14.12 Governing Law; Dispute Resolution. These Terms and all Subscription Contracts will be governed by, and construed and interpreted in accordance with, the laws of the Commonwealth of Massachusetts without giving effect to conflict of law principles and excluding the United Nations Convention on Contracts for the International Sale of Goods or by the Uniform Computer Information Transactions Act (“UCITA”). By using the Service, you waive any claims that may arise under the laws of other jurisdictions. If a dispute, controversy, or claim arises out of or relates to these Terms or a Subscription Contract, or the interpretation, application, breach, termination, or enforcement thereof, including any claim of inducement by fraud or otherwise (“dispute”), then you and we agree to use our good faith best efforts to resolve the dispute through discussions as quickly as possible. If we cannot resolve the dispute through discussions, then the dispute will be submitted for resolution by binding arbitration before a single arbitrator pursuant to the then-current arbitration rules of the CPR Institute for Dispute Resolution for Non-Administered Arbitration (available at www.cpradr.org), or successor (“CPR”). The arbitration will be held in English in Boston, Massachusetts and by remote telecommunications methods. The decision of the arbitrator will be binding and enforceable in any court or tribunal of competent jurisdiction. Notwithstanding anything to the contrary in these Terms or Subscription Contract, in addition to any other available remedies at law, we shall be entitled to protect our Confidential Information and proprietary rights through equitable relief via any court or tribunal of competent jurisdiction (including restraining order, injunction, or specific performance) in the event of a breach or violation by you of our proprietary rights, or of your confidentiality obligations, without having to post a bond or other security, or to prove damages or the inadequacy of damages. Each party acknowledges this Section constitutes a material inducement upon which the other party has relied in entering this Terms or Subscription Contract.

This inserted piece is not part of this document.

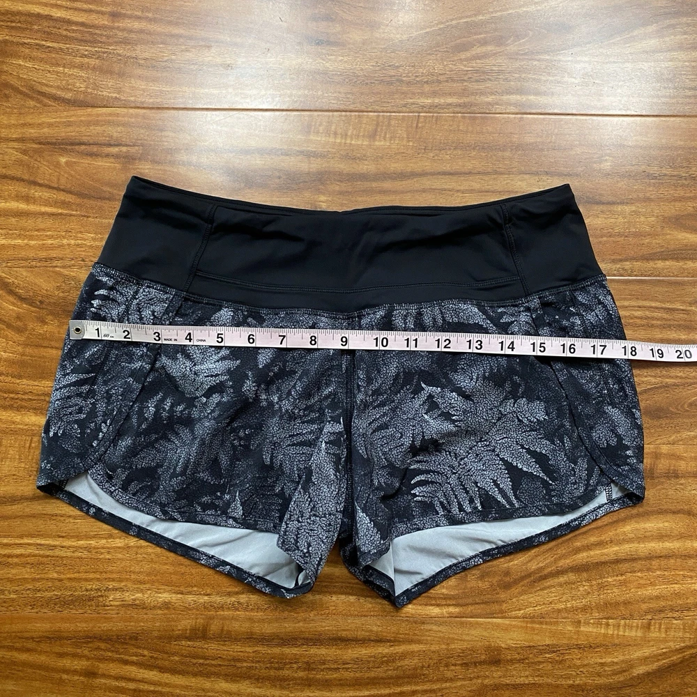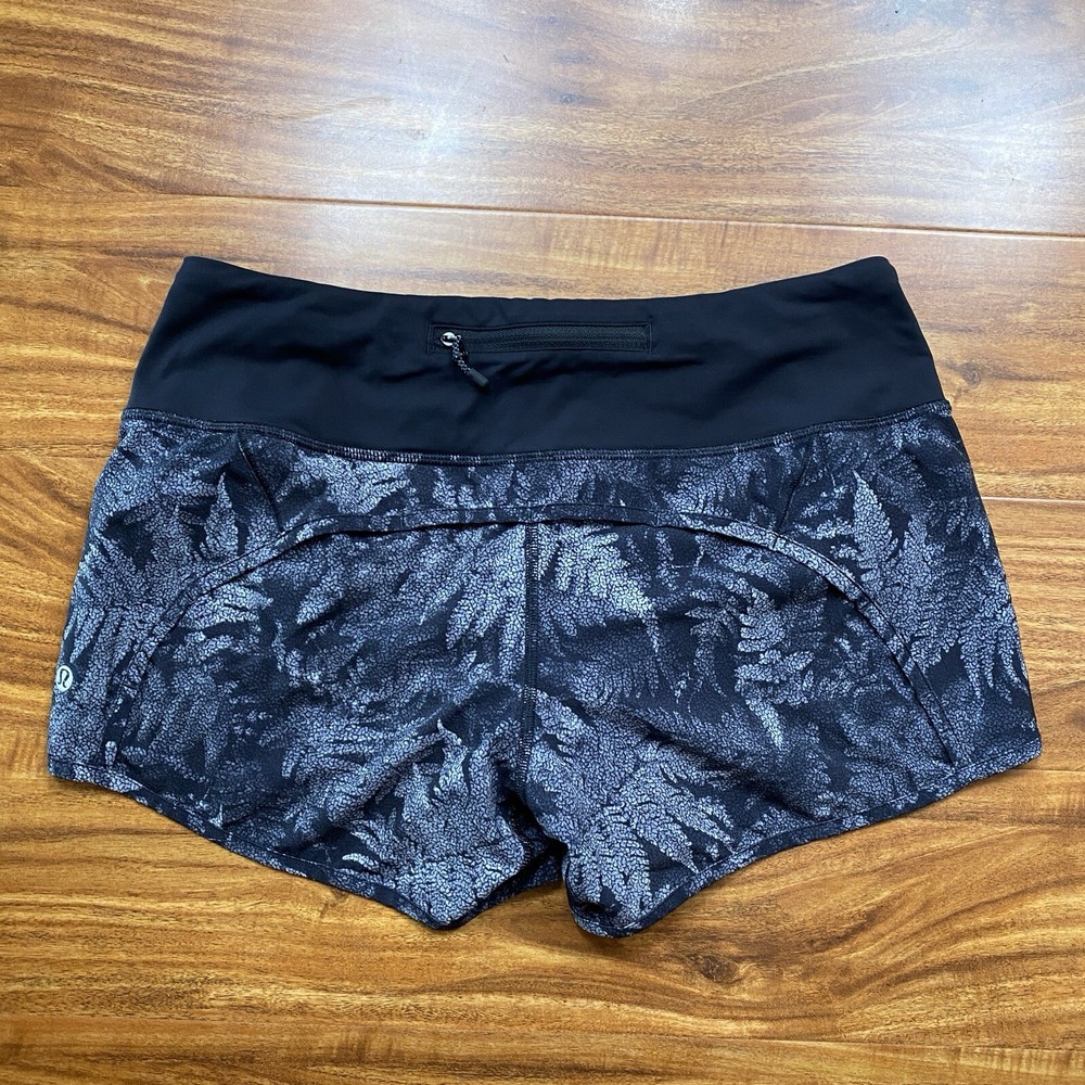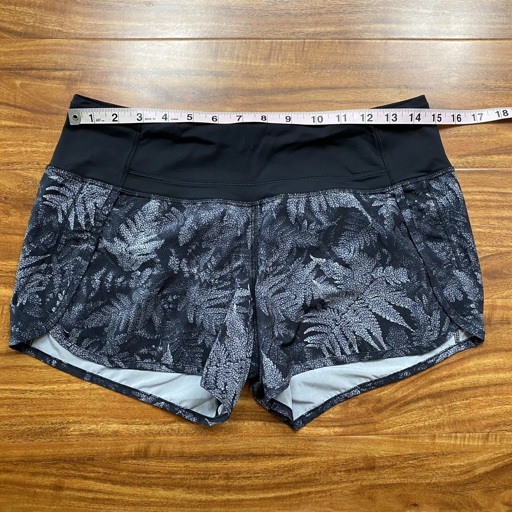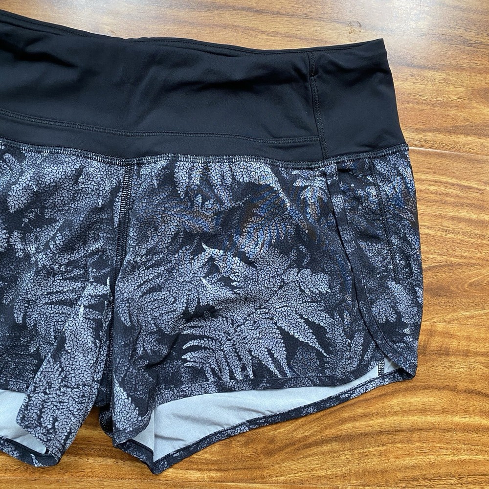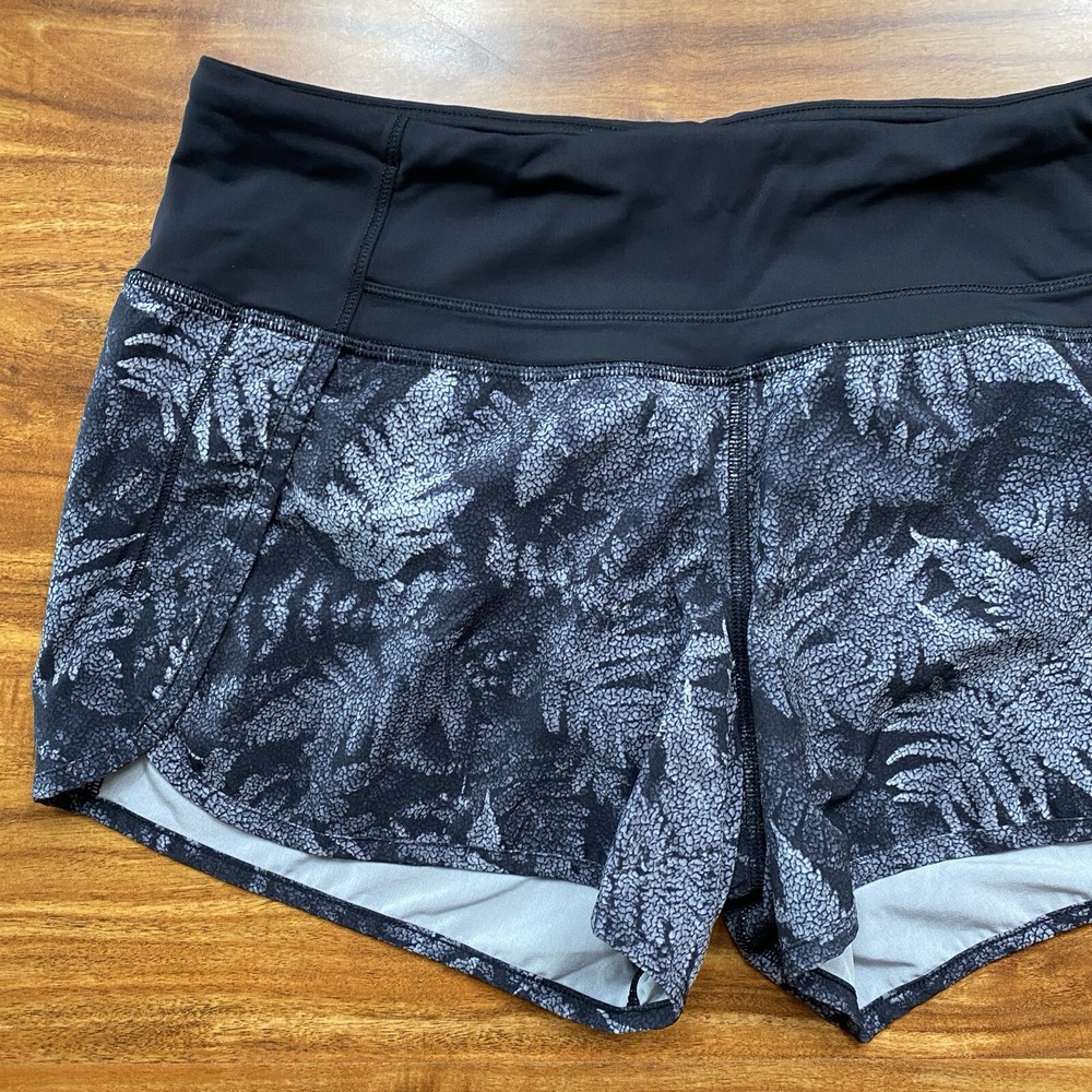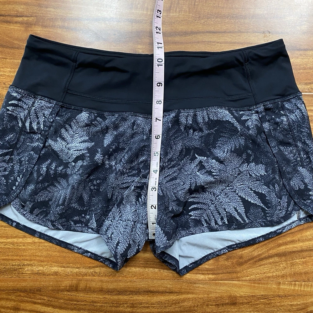 Lululemon Run Speed Shorts Size 2 Black Floral with Color Block Waistband

14.13 Severability. If any provision of these Terms or a Subscription Contract is held by a court or other tribunal of competent jurisdiction to be invalid, illegal, or unenforceable for any reason, such provision will be severed or limited to the minimum extent necessary to comply with applicable law, such that the remaining provisions of these Terms and Subscription Contract will continue in full force and effect. To the extent reasonably feasible, the parties further agree to use their best efforts to substitute a valid provision for the invalid provision which most closely approximates the intent and economic effect of the invalid provision.
14.14 Legal Compliance. We may comply with governmental, court, and law enforcement requests or requirements relating to provision or use of the Service, or to information provided to or collected under these Terms. We reserve the right, at our sole discretion, to report Prompts or Outputs to law enforcement.